If a picture is worth a thousand words, how many are in a meme?
Memes. They’re photos of people, usually taken or posted without permission, with added text about the photo as a caption. It’s easy to make a meme, and even easier to share or be in one. But it comes at a personal cost. It’s rare to find someone who wants to be turned into a meme: It could mean being internet famous, but for all the wrong reasons.
It’s not always clear why we post, or create memes. Sometimes, we might think that the memes are funny, or we can relate to the person in the photo: after all, everyone has awkward moments.
Memes start out as photos, which show the person in an unflattering light. Most of the time, the photo is taken without permission and has poor quality. The photo gets block text, or macros, added on, to make it even more embarrassing.
Memes are popular to share and reblog, repost or retweet, especially among teens.
We don’t always think about the person behind the photo. Memes crop out the story behind them.
Take the “Roving Typist” meme, for example. C.D. Hermelin, the person in the meme, was an aspiring writer. He wrote poems for people in the park. A photo of him using his typewriter on a park bench got posted to Reddit, an infamous social media platform, without his permission. The photo was cropped, so it wasn’t telling the whole story. It just seemed as if he was someone using his typewriter in public for no reason. What followed were other users adding macros and posting the photo as a meme, which soon became internet famous- along with cruel comments and death threats. He now uses his viral fame to tell his story about being turned into a meme.
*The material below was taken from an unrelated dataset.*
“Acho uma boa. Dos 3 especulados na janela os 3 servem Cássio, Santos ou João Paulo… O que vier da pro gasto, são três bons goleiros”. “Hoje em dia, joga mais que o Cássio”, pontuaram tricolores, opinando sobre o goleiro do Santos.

What one person finds funny could be offensive to another
It’s important to make teens aware of what memes really mean. After all, so many are being shared to social media. There can be many different versions of the same meme, and even some that Photoshop the person in bizarre situations. Still, what’s funny to one person could be offensive to another.
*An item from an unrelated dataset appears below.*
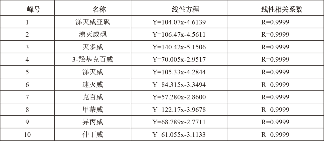 10種氨基甲酸酯在0.05~10.0 mg/L(測(cè)試濃度)范圍內(nèi)均達(dá)到0.9999線(xiàn)性相關(guān)系數(shù),具有良好的線(xiàn)性相關(guān)性。

For example, the macros on memes can encourage racial or gender stereotypes. Like the infamous “fake geek girl meme”, which claims that girls can’t be “real” fans of anime, manga, movies, comic books and video games just because of their gender.*** (As a geek girl myself, I can definitely say that this is offensive. Unfortunately, there are even worse versions of this meme than the example in the link.). Memes like these encourage stereotyping, sexism and cruelty online.
Digital citizenship and memes
A while ago, Benni Clinkle, the founder of “That Girl in Pink” Foundation, posted about building an online digital reputation, and gave three great tips on how to interact with people on social media. Clinkle shared her experiences on becoming a meme, known as “that girl in pink,” and how she uses her fame to make a positive impact online.
Teens might not always think about the consequences of their actions. It’s possible to either snap a photo without someone’s permission, or dig up an old middle school photo and post it online. Here are some tips to prevent memes being made:
- Always ask for permission before taking or sharing a photo- How would you feel if someone snapped photos without you knowing?
- Put yourself in their shoes- Think about if the photo was of you. Take time offline to consider how you would feel if you were turned into a meme.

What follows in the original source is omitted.